12 thoughts on “On Being Stubborn, On Celebrating Life, On Teaching

  1. Cindy…
    Love this post. I, too, struggle with writing the personal stuff when I know others might read it. I end up doing quite a bit of prewriting, but never sitting down to put it on paper, even though I know I should.

    • I write it. I just don’t share it much.
      Maybe it’s too soon to write about. I didn’t write about anything dealing with Matt for a long time. And then I would write for myself and not share it. You’ll know when you’re ready. *hugs*

    • Thank you for sharing what you did. Dad and I have spent a lot of time talking about TFiOS since we finished it. In fact, I write so much more about that in beginning drafts of this post but I decided to cut them out. Maybe I’ll find a way to post some of that later.

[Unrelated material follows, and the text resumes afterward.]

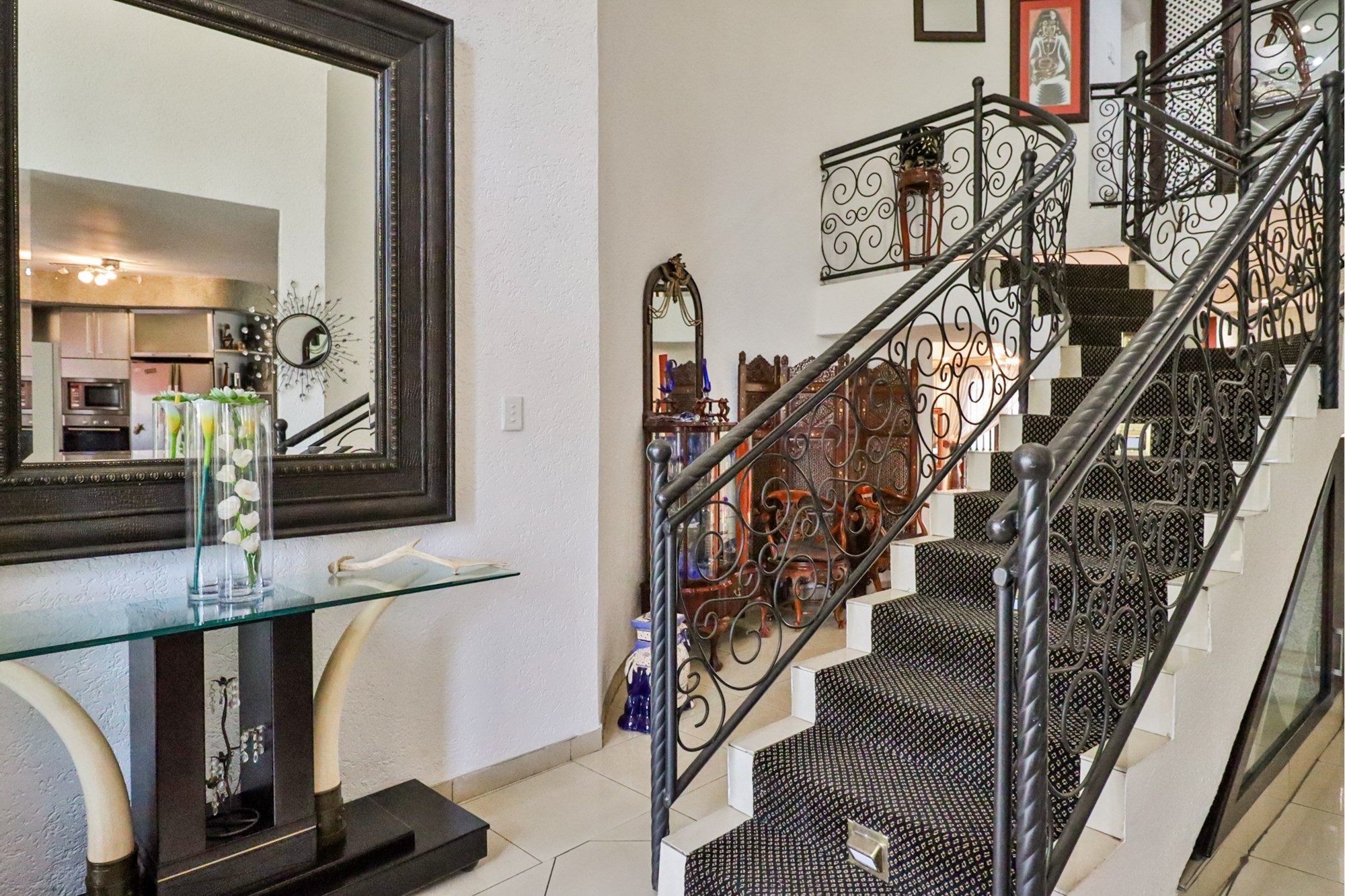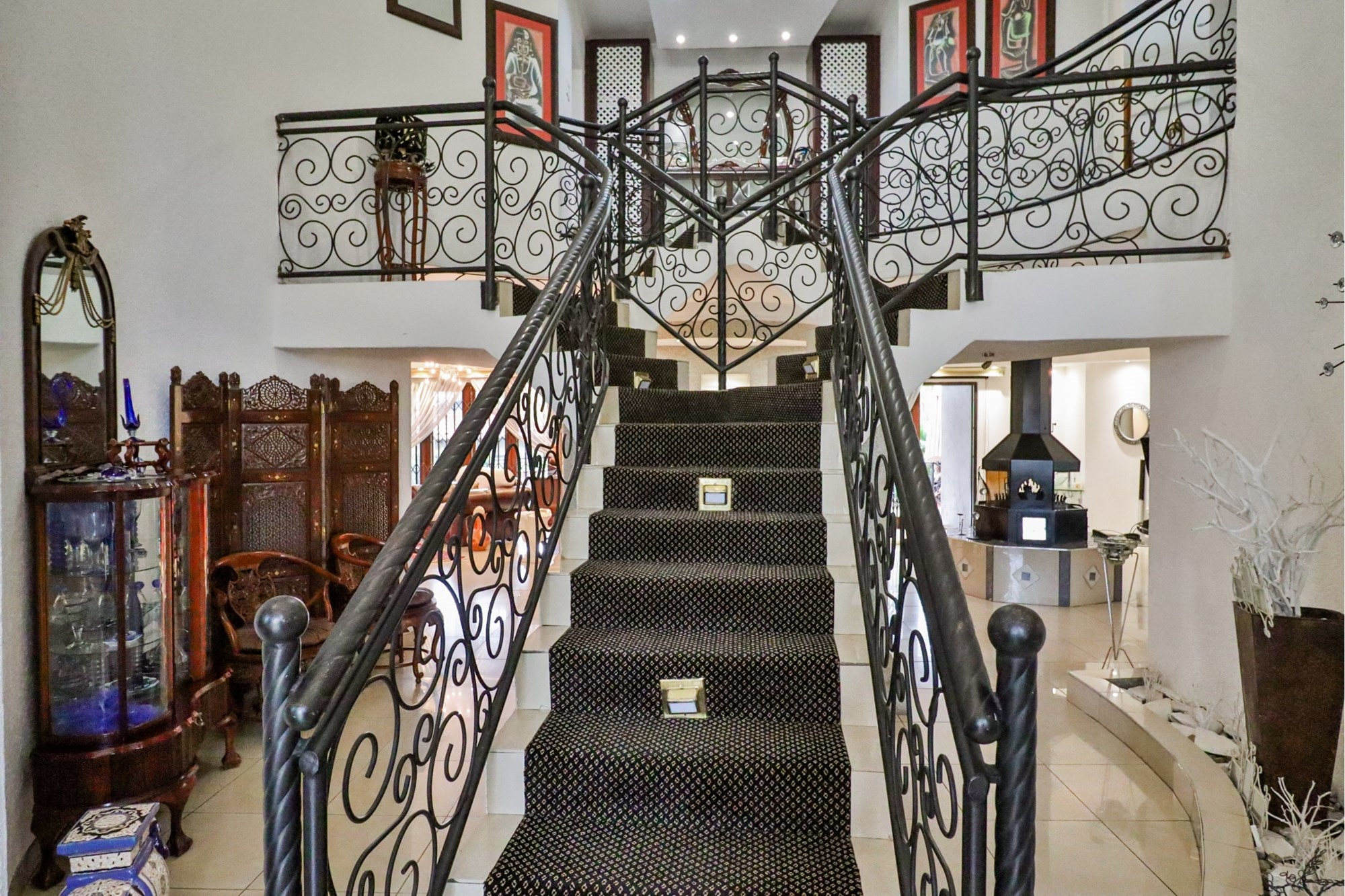 Entering the house, you are welcomed by a double volume foyer and gloriously large windows with lots of natural light. An impressive double staircase invites you upstairs with luxurious carpets and beautiful cast iron railings.

    • Goodness, her whole post has been haunting my thoughts all weekend in the best way possible. Such is the case with good writing, isn’t it? Thank you so much, Lee Ann.

    • Thank you. I have to say, the positive responses I have had here and on Facebook and on Twitter have another post brewing in my head. This is more teacher-y. Stay tuned. Your comment ties in really nicely with what’s getting drafted. :)

  2. I don’t put myself “out there” when I write. I wonder if I’m just afraid to think too deeply about it, or if it’s that I don’t really want to share some things with others.

    I was checking my Twitter feed today when I came across your tweet about your post. “Intriguing,” I thought, and scrolled on. Scrolled back. Read it.

    I have to admit, I shed some tears while reading your post. As I very briefly mentioned in my “Top Ten books” post a few weeks ago, my brother also died young. It was … wow… almost 9 years ago. A story so many families share – “good kid” with some bad choices that eventually cost him his life. I think I avoid thinking about it because it’s like picking at a wound that won’t ever heal. I guess it’s not supposed to heal, yes?

    My oldest son, Connor, is almost 10 now (he was just a baby when my brother died). Every once in a while he asks a question about the man who shares his birthday – the uncle he never got to know. I’m sitting across from him right now (he’s working on writing homework on the other end of the kitchen table) so I’m trying to keep my emotions in check. I do know that my brother would want my kids to know about his good times. The amazingly gentle, sensitive, artistic man that he was. He’d give a friend the shirt off his back (literally – he often had a very limited wardrobe for that very reason). Heck, he’d give that same shirt to a stranger. But he got caught up in a lifestyle that included drugs, and he never managed to get himself out. Hopefully his life and death will help me keep my own boys out of that trap. I’d like to think David would be pleased.

    Thanks for sharing your story – and helping me remember that the wounds do need to be picked at from time to time. Memories of those we love should never be forgotten.

    • We share that story also, Maria. My brother-in-law passed away after a long history of poor choices when B was a toddler. He doesn’t really remember him much either so we have the honor and responsibility of sharing about both uncles with him as he grows up. He has so much to learn from the stories about their lives that I really want to start writing down memories and encourage my husband and our parents to contribute. I know that my brother-in-law would be so supportive of this – I remember a conversation with him about how he wanted to go in and speak with students at my school during their “drug project” as a former addict to warn them against making the decisions that he had made. The sad part is that he never got the chance.
      I intend to share the good and the bad, to give him a better picture of who they were. The writing gives me the space to think carefully about what I want to say and how I want to say it. Maybe now is the time to start thinking about that. I’m sure your son would appreciate it.